─── Exercise inputs ───

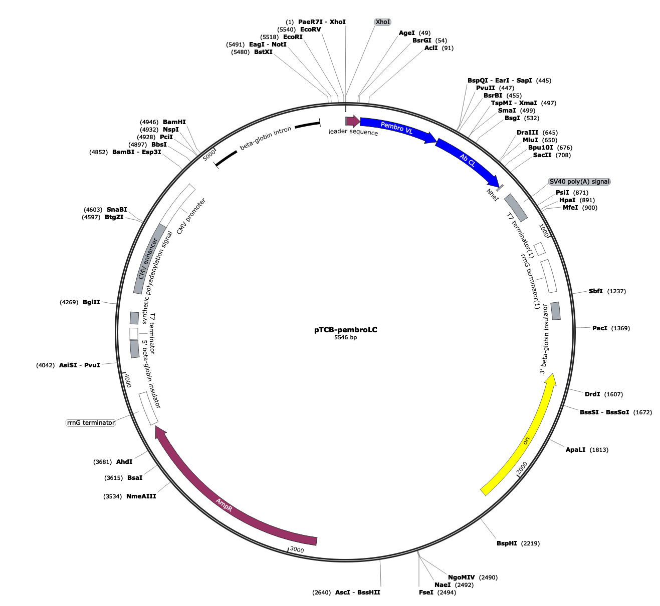 PurposepTwist CMV BetaGlobin encoding pembrolizumab light chain
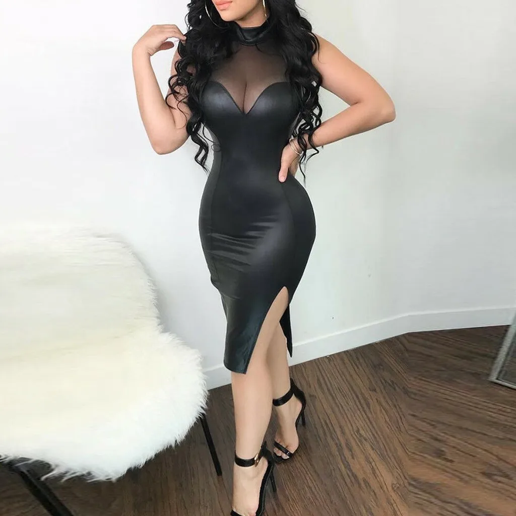 Модное женское тонкое сексуальное сшитое платье без рукавов из кожи
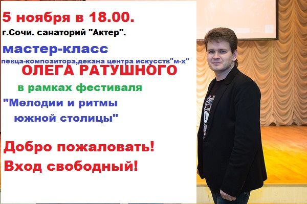 corpo.read_more5-го ноября 2016 г. в 18:00 ждем всех желающих на мастер-класс Олега Ратушного в санатории "Артист" г. Сочи.
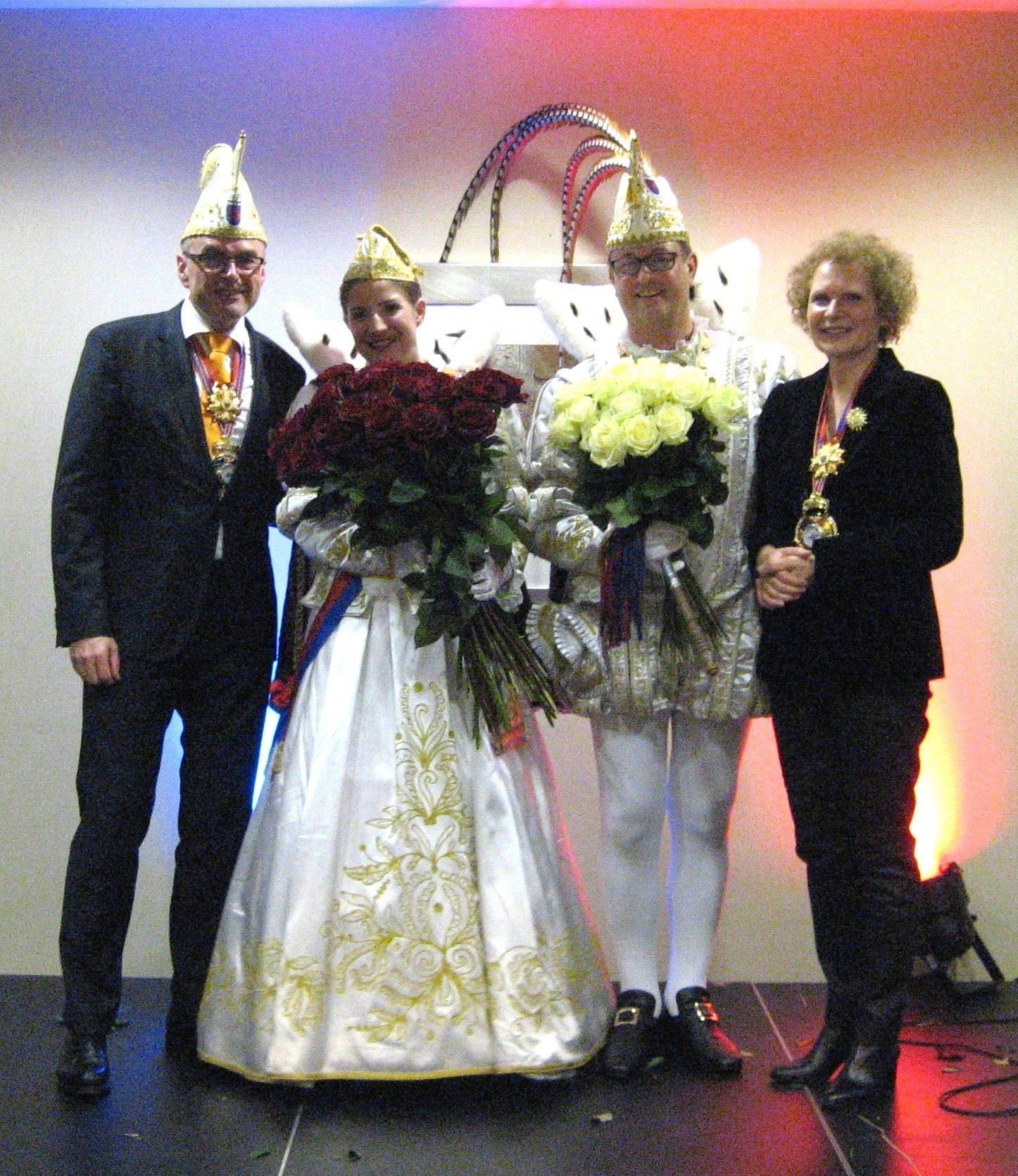 Völlig überrascht war Prinz Michael als seine Chefin Ines Knauber-Daubenbüchel die Bühne betrat. Die Unternehmerin hatte extra ein Führungskräftetreffen der Knauber-Unternehmensgruppe unterbrochen, um ihrem Abteilungsleiter zu gratulieren. Mit sehr persönlichen Worten und einem dicken Strauß weißer Rosen dankte sie dem Prinzen für sein Engagement im Betrieb und im Fastelovend. Der so Gelobte musste sich erstmal sammeln und deshalb durfte -ganz entgegen dem strengen Protokoll- zunächst Bonna Tiffany zu den Gästen sprechen. Sie brachte die Gefühle der Tollitäten auf den Punkt: „Die Überraschung kann hinter jeder Tür lauern!“ sagte die Bonna und zielte damit auf die vielen unerwarteten Momente und Begebenheiten während der Session ab. Prinz Michael dankte dann zunächst seiner Chefin für ihr Verständnis und die Unterstützung, die ihm als höchstem Repräsentanten im bönnschen Fastelovend zuteil wurde. Auch Hotelchef Christoph Glaser durfte sich über den Dank „für die großartige Gastfreundschaft“ im Hotel Hilton aus dem Mund des Prinzen freuen.
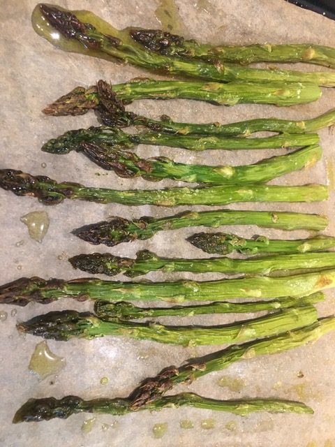 Spargel mit Olivenöl und Salz auf Backpapier 20 Minuten im Ofen (180 Grad Umluft) backen, zum Risotto noch warm servieren.
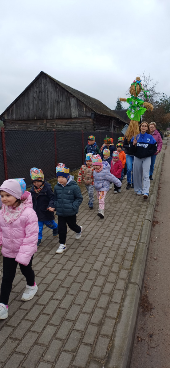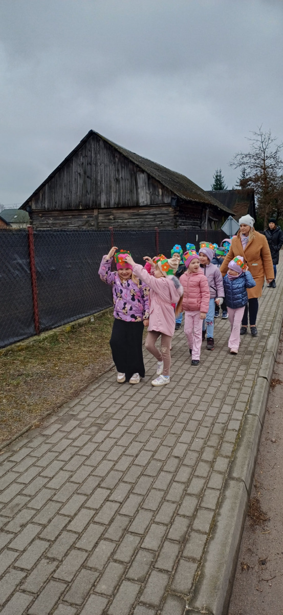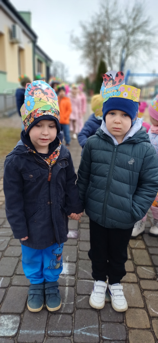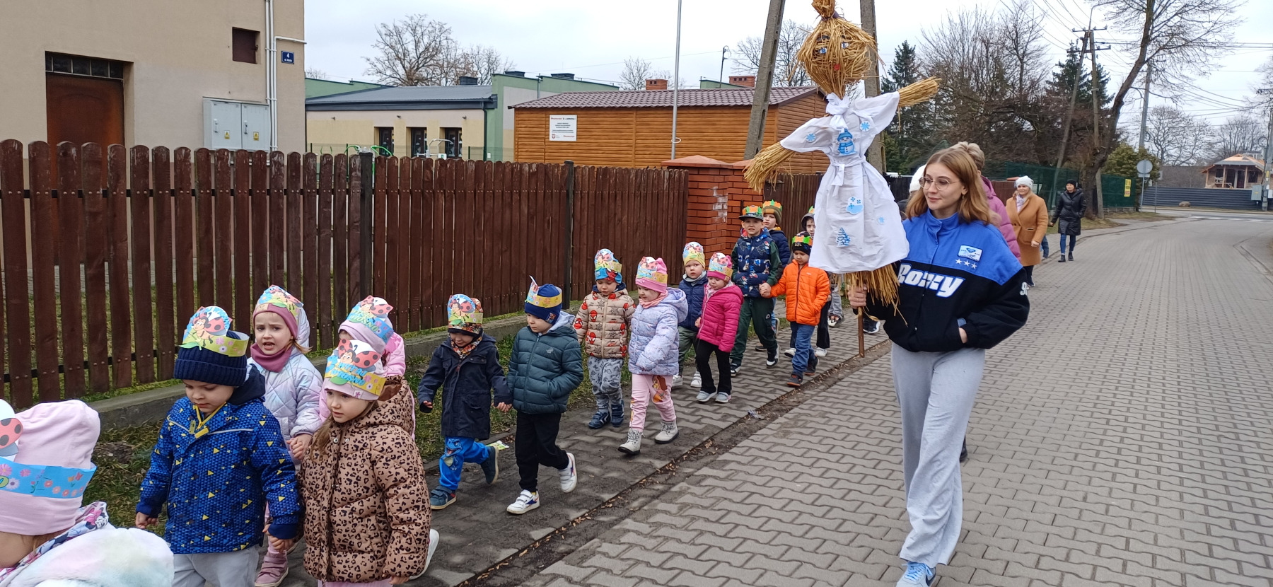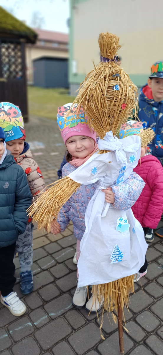 Najwięcej uśmiechów wywołał korowód z Marzanną! 👧👦 Dzieci przeszły przez wieś, śpiewając wiosenne piosenki 🎵🌸 i witając Wiosnę jak należy! 🌱🌞 Radość, śmiech i pierwsze wiosenne promienie słońca – tak wyglądał nasz Dzień Wiosny! 🌸🐝💛
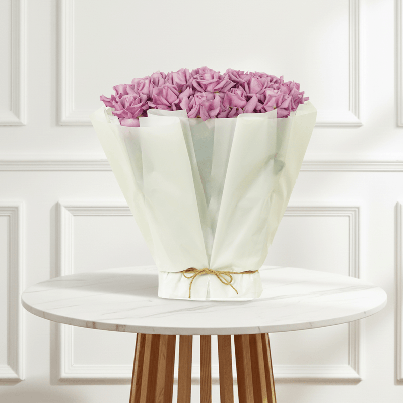 A timeless standing bouquet featuring 25 pristine white roses in a foam base, elegantly wrapped in cream paper. Perfect for weddings, memorials, or sophisticated events, this design combines purity with structural elegance for a lasting impression.

───

** Requirement **
Everything from the line with "Spargel mit Olivenöl" through the final line of the material is to be returned exactly, both ends included, apart from the pictures.

** Answer for the task **
 Spargel mit Olivenöl und Salz auf Backpapier 20 Minuten im Ofen (180 Grad Umluft) backen, zum Risotto noch warm servieren.
 Najwięcej uśmiechów wywołał korowód z Marzanną! 👧👦 Dzieci przeszły przez wieś, śpiewając wiosenne piosenki 🎵🌸 i witając Wiosnę jak należy! 🌱🌞 Radość, śmiech i pierwsze wiosenne promienie słońca – tak wyglądał nasz Dzień Wiosny! 🌸🐝💛
 A timeless standing bouquet featuring 25 pristine white roses in a foam base, elegantly wrapped in cream paper. Perfect for weddings, memorials, or sophisticated events, this design combines purity with structural elegance for a lasting impression.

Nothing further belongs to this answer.